In 2019, Emily Mikiko Strocher, an eighth grade social studies teacher, brought her partner, chef Alex McGillivray, down to a wedding in her native California. While she was there, she decided to show him the orchard where her family holds their annual mochitsuki, a celebration surrounding the making of mochi. It’s a labor-intensive process that involves soaking, steaming, kneading, and pounding glutinous rice until it becomes the soft, stretchy base for so many desserts enjoyed around the world. “We’ve been doing it for 60 years or so,” Mikiko Strocher says. “It’s always been a part of my family’s food tradition.”
That’s where the couple got the idea for starting a mochi doughnut pop-up. Mochi doughnuts, unlike raised or cake doughnuts, rely on glutinous rice flour, which gives them a light, chewy texture. At the time, the two couldn’t find any mochi doughnuts in Portland, and it seemed like an idea worth trying out. So in February 2020, the couple decided to host a pop-up in a WeWork space; they sold 72 donuts in 30 minutes.
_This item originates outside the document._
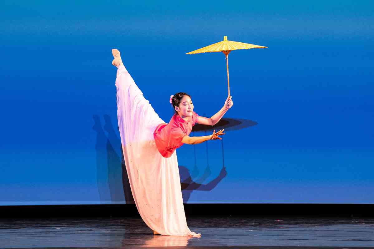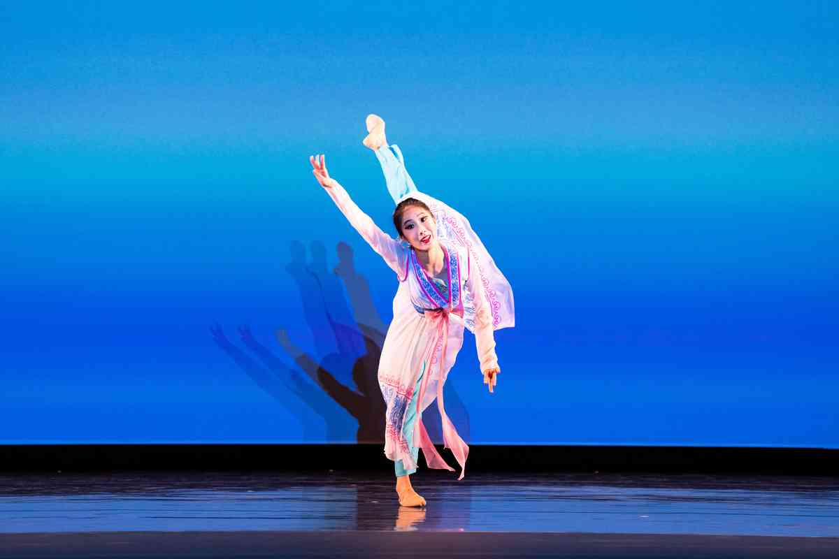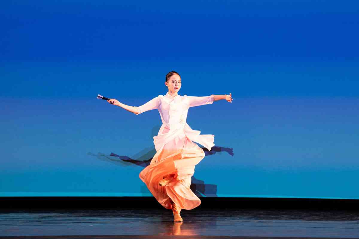 2025年9月14日,第十一屆新唐人全世界中國古典舞大賽決賽在美國紐約州Sugar Loaf表演藝術中心舉行。圖為青年女子組銀獎得主黃明慧表演舞蹈《灼灼印芳華》。(戴兵/大紀元)
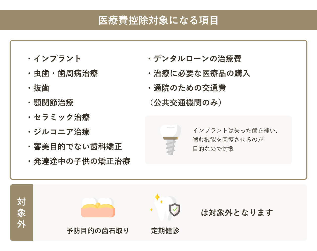 歯科医院で受けられるインプラントは、医療費控除の対象になります。 なお、予防を目的とした歯石取りや定期的な検診の医療費は対象外となるため、注意してください。治療を目的としたものが対象になると覚えておきましょう。 |

In the last year, mochi doughnuts have started to gain ground in Portland at large, from pandemic-friendly pop-ups to Instagram-based businesses. Some cafes simply bake their doughnuts; some bake and fry. Some use a blend of rice and wheat flour; others go completely gluten-free and stick to rice flour. Some use dairy; others skip it. All of them, however, rely on that rice flour, which creates a distinct textural difference from the doughnuts that made Portland famous. The popularity of mochi doughnuts makes sense: Portland, of course, is known for its doughnuts, from its love-hate relationship with Voodoo and Blue Star to the humanitarian doughnut operations at Pip’s Original. But the city, oddly, hasn’t had a longstanding history of mochi doughnut shops, even as they appeared in pastry cases in other large cities around the United States. They’ve appeared on the menu at local chain Coco Donuts, but beyond that, there isn’t much.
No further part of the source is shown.